The transmogrification of Reagan into a hardline conservative is a rather impressive bit of PR work. As Josh Green detailed in his seminal Washington Monthly piece, "[f]ederal government expanded on his watch. The conservative desire to outlaw abortion was never seriously pursued. Reagan broke with the hardliners in his administration and compromised with the Soviets on arms control. His assault on entitlements never materialized; instead he saved Social Security in 1983. And he repeatedly ignored the fundamental conservative dogma that taxes should never be raised." The guy was a conservative, sure, but he was a conservative in tension with a Democratic Congress. He didn't touch entitlements, didn't arrest government growth, didn't -- in other words -- actualize any of the policies we associate with Reaganite conservatives.

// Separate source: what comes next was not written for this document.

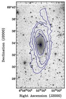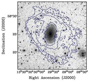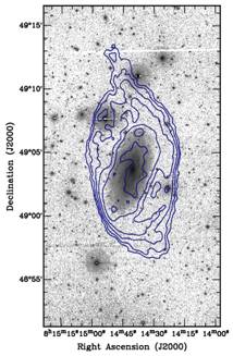 HI distributions (contours) are superimposed onto optical (i'-band)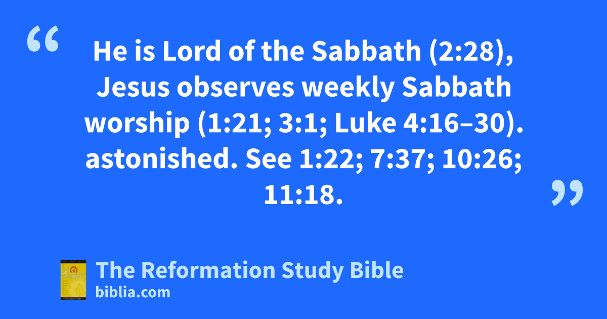 He is Lord of the Sabbath (2:28), Jesus observes weekly Sabbath worship (1:21; 3:1; Luke 4:16–30). astonished. See 1:22; 7:37; 10:26; 11:18.

The leader who did give those approaches a shot was Newt Gingrich. But you rarely hear any Republicans yearning for a leader from the Gingrich school of policy thought. Turns out that when you actually try and cut Medicare, you lose all your seats in Congress. That's the great Republican shell game: Reagan can be idolized because the Democratic Congress helpfully kept him from legislating out his small-government conservatism. When Republicans try, as Newt Gingrich did in the 90s and Bush did with Social Security privatization, they get murdered. So it's back to believing in Reagan, who never really tried, and thus never really failed, but he sure did sound nice talking about it.
April 29, 2007
Is it something about France that makes people stupid?
(Posted by John.)
I've basically assumed America will never, ever forgive the French in general, and Jacques Chirac in particular, for being right about Iraq. Fine. But the sheer volume of ignorant belief (North) Americans have about France is overwhelming sometimes, and this is unbearable with all the coverage of the French election. Up north you've got Canadian columnists writing that the UK's economy is "far stronger than France's" (it isn't) and that France is a second-rank military power (after the US, everyone's second rank.) In the US you've got the more common derision for the idea that the French would dare indulge in leisure time and have slightly less money. Horrors!
Mark Weisbrot has a good column explaining that, no, France's economic problems are no more severe than those faced by any other G8 country, including the US. At the very least, there's no convincing evidence that the usual proposed "solution" -- more liberalized market reforms -- is going to solve the problems France faces.